I get that they're killing it at craft fairs, but I'm the with the thread-parent...I don't see what the "disruption" is here.

*edit: Re-reading this I realize that it seems like I'm implying that Square is a bad product... which isn't what I'm saying. I think they're going to make insane amounts of money (I'd invest in them given the chance). They can be huge without being truly 'disruptive', however.


I showed the Square reader to my hippie friend who sells hand-made jewelry in an outdoor booth at a beach resort. He thought it looked pretty cool, and was seriously considering buying an iPhone and service plan just to use it. At his usual transaction size and volume, traditional credit-card payment systems weren't that great a prospect. That's what a disruptive technology does.

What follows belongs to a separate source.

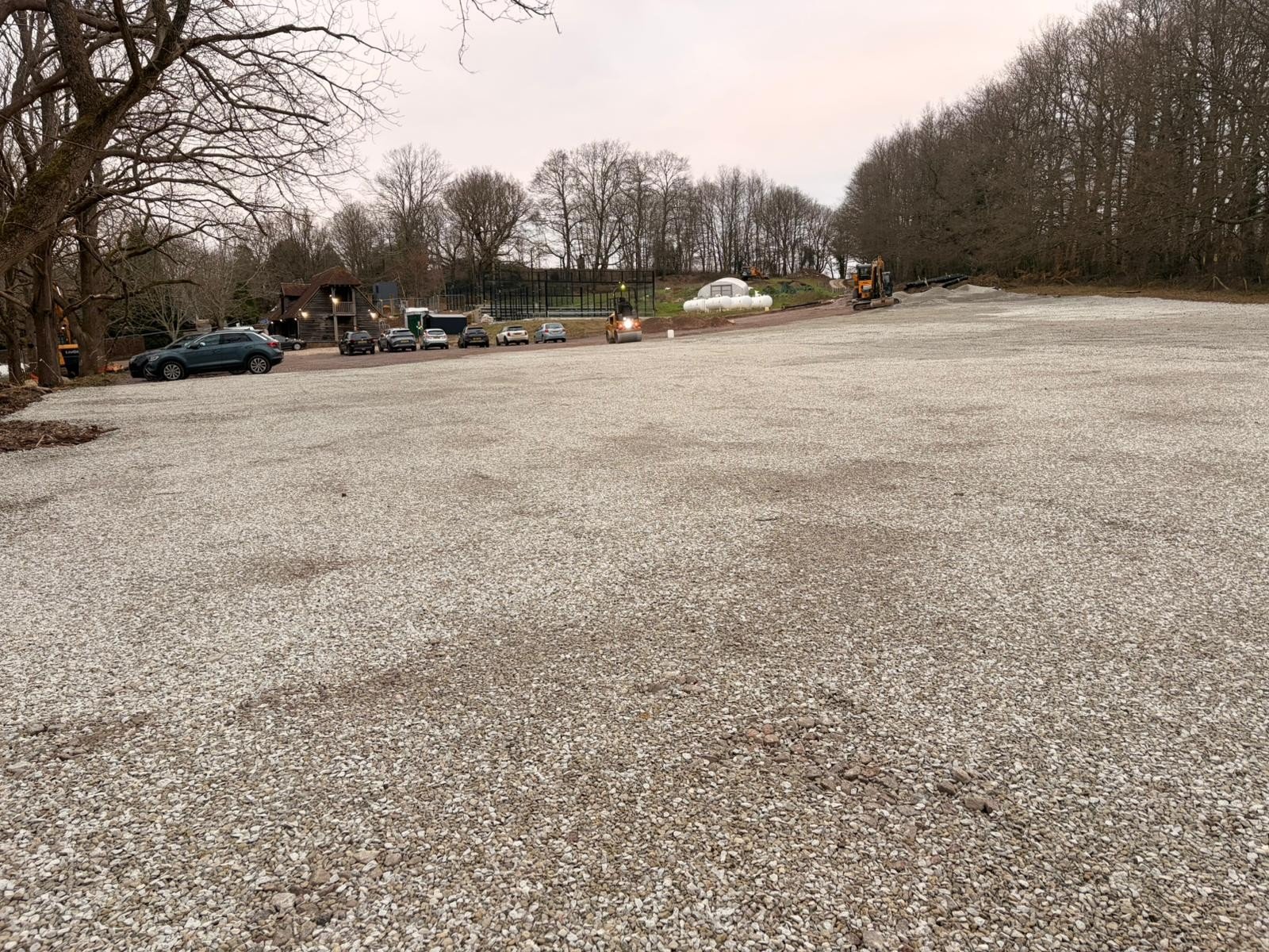 Excavation, formation, and gravel build-up delivered a hard-wearing car park for heavy use.

Setup is effectively free and incredibly easy. They're disrupting the gorillas of merchant services, by tapping into a market that your Visas, MasterCards, AMEX haven't been able to get to: local, small business owners.

It's disruptive because it changes the customer demographics for some of these businesses and the way they think about payments (customer analytics, payment options, loyalty programs).

Square is poised to gain market share very quickly AND there's a huge play to be made in emerging markets where the mainstream guys haven't found great traction and smartphone usage is growing rapidly.


Getting a pseudo-merchant account and a swiper for $0 could be fairly disruptive. It's a massive, very customer-unfriendly, very entrenched indusstry.


You gotta disrupt to get ahead. This can only be achieved after rejection therapy and pivoting.